Could you retype the material, starting at its first line and ending with the line holding "Неиспользованные book02ms06 и", and keep the pictures out?

● **Data extract**:
···

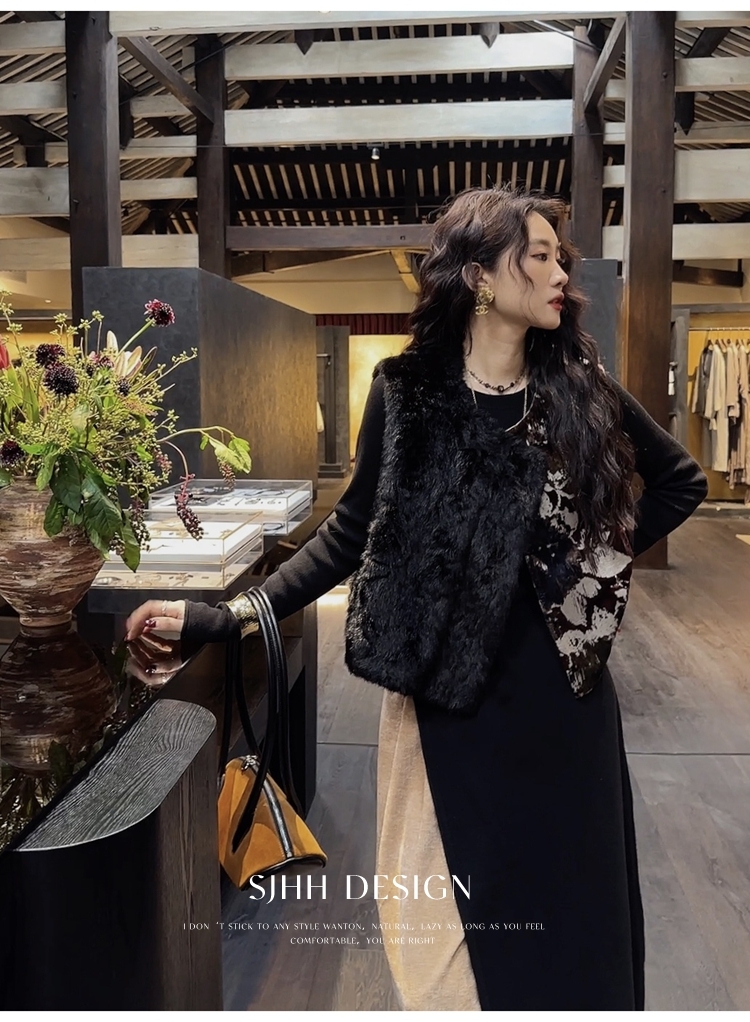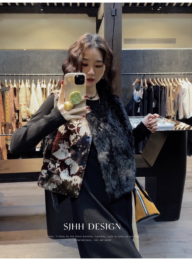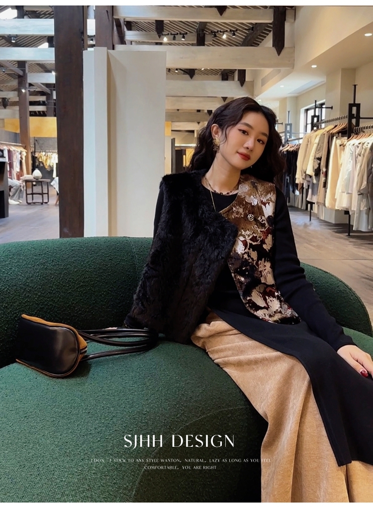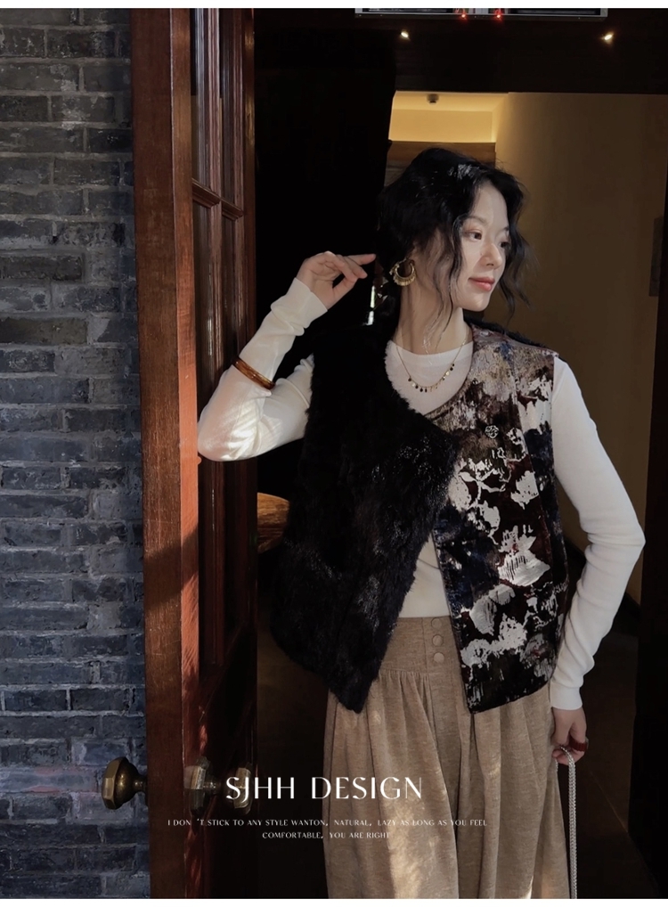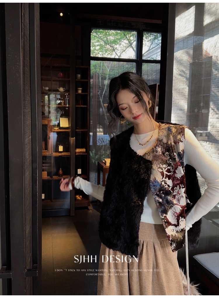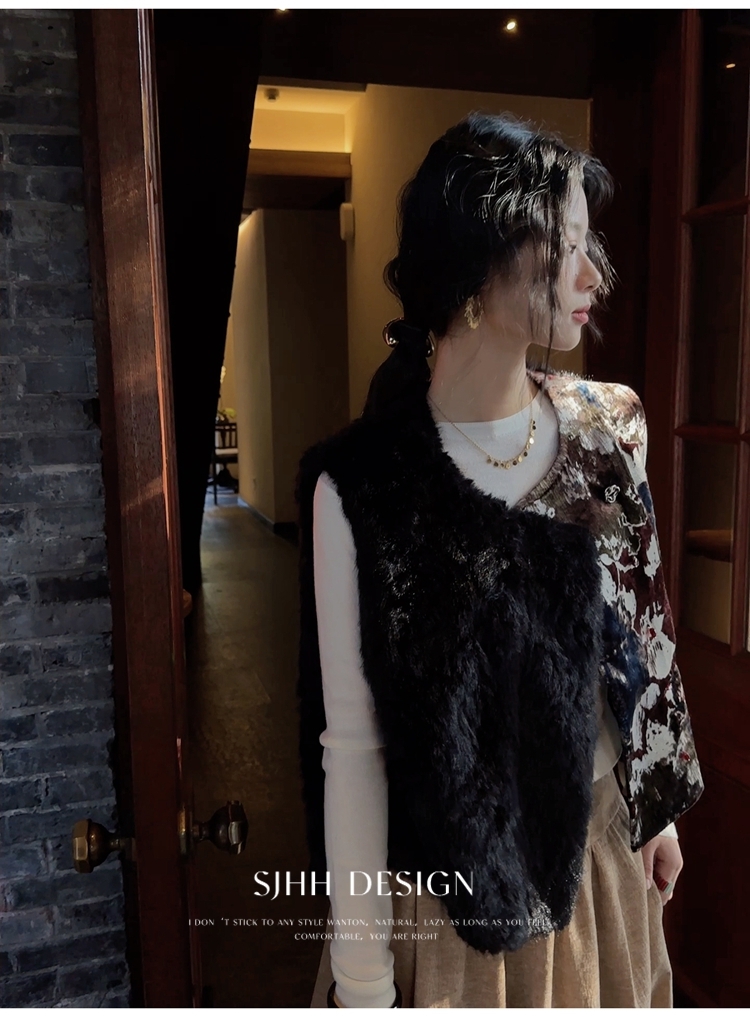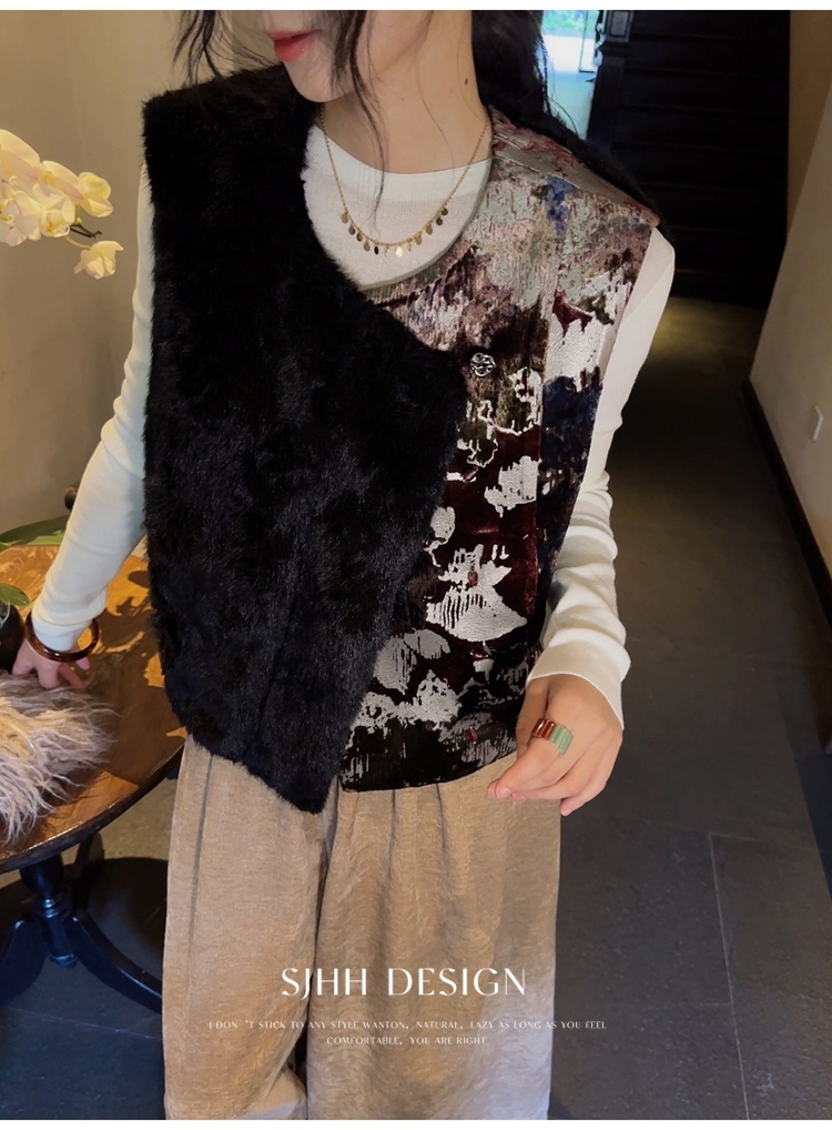 *o-ha-you*【FSJ0148】【彩雲歸】新中式中國風拼接皮草背心無袖外套
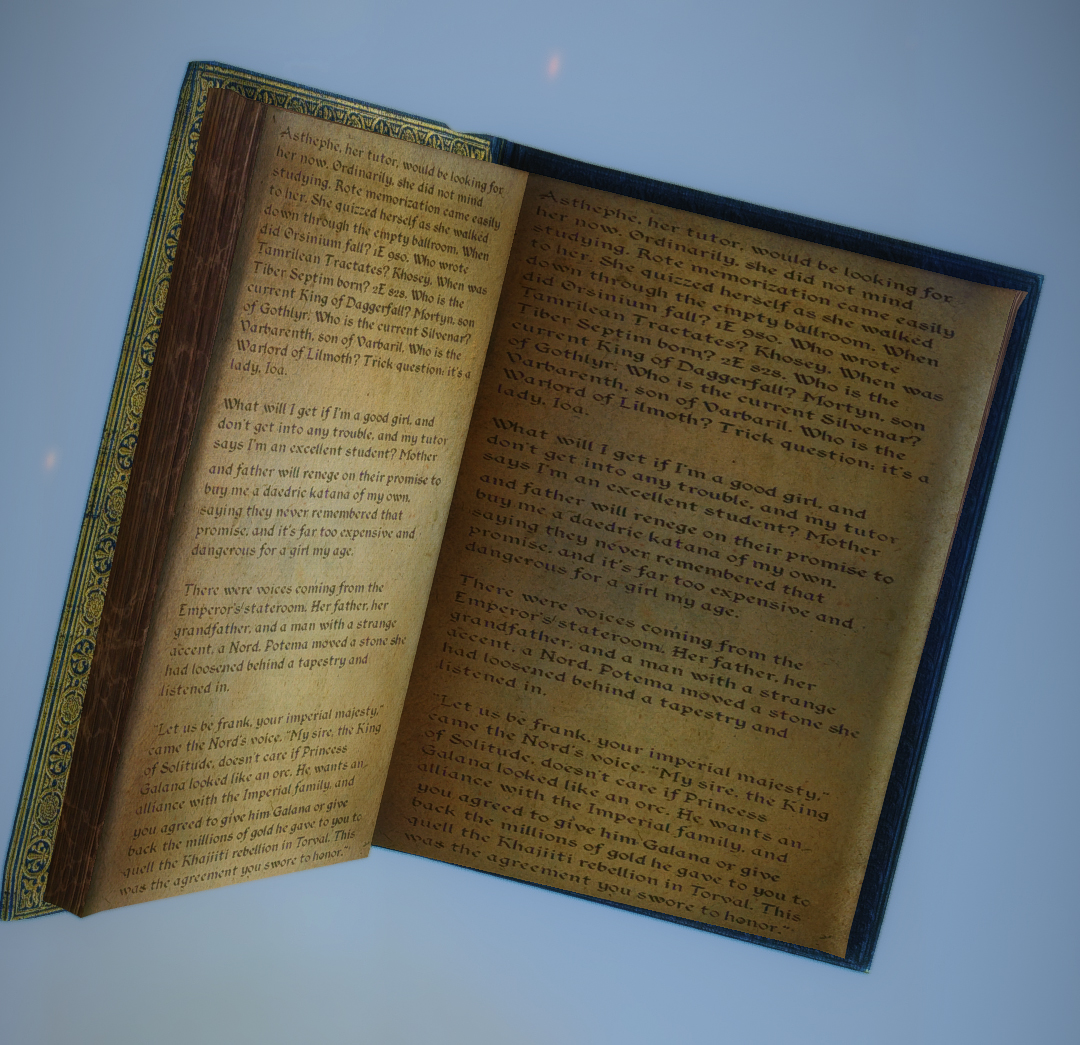 Неиспользованные book02ms06 и book02da01 имеют свои собственнные текстуры на случай если эти книги возвращены в игру модом. - В модовских домах которые используют статические модели ванильных книжек (например стопка книг сделанная из стандартных\ванильных моделей книг) будут смотреться криво. Это потому что что развёртки текстур у моделей разные, и предположить где и какой автор будет каким образом делать стопки книг в домах невозможно. В ванильной игре (насколько мне известно) такого не встречается.
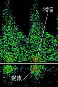 5)渦流:在病理情況下出現(xiàn)。 渦流也是湍流,是雙向湍流頻譜,頻譜圖像的反方向相對與收縮期的位置出現(xiàn)的一小團強信號。當血液由較大口徑血管流入較小口徑血管時,血流速度明顯加快,血液不僅向前流動,部分血液還呈一定角度作旋轉(zhuǎn)運動,血液與血管壁之間形成渦流。此時紅血球呈多方向性,一部分紅細胞朝向換能器,一部分紅細胞遠離換能器,故產(chǎn)生雙向的血流頻譜。特點:收縮期血流明顯增高,在收縮期內(nèi)頻譜的相反方向出現(xiàn)血流信號,即雙向湍流頻譜,這是由于血液在血管內(nèi)的旋轉(zhuǎn)運動產(chǎn)生反向高速運動所致。此頻譜出現(xiàn)在腦血管重度狹窄病例。

···

● **Written solution**:
 *o-ha-you*【FSJ0148】【彩雲歸】新中式中國風拼接皮草背心無袖外套
 Неиспользованные book02ms06 и book02da01 имеют свои собственнные текстуры на случай если эти книги возвращены в игру модом. - В модовских домах которые используют статические модели ванильных книжек (например стопка книг сделанная из стандартных\ванильных моделей книг) будут смотреться криво. Это потому что что развёртки текстур у моделей разные, и предположить где и какой автор будет каким образом делать стопки книг в домах невозможно. В ванильной игре (насколько мне известно) такого не встречается.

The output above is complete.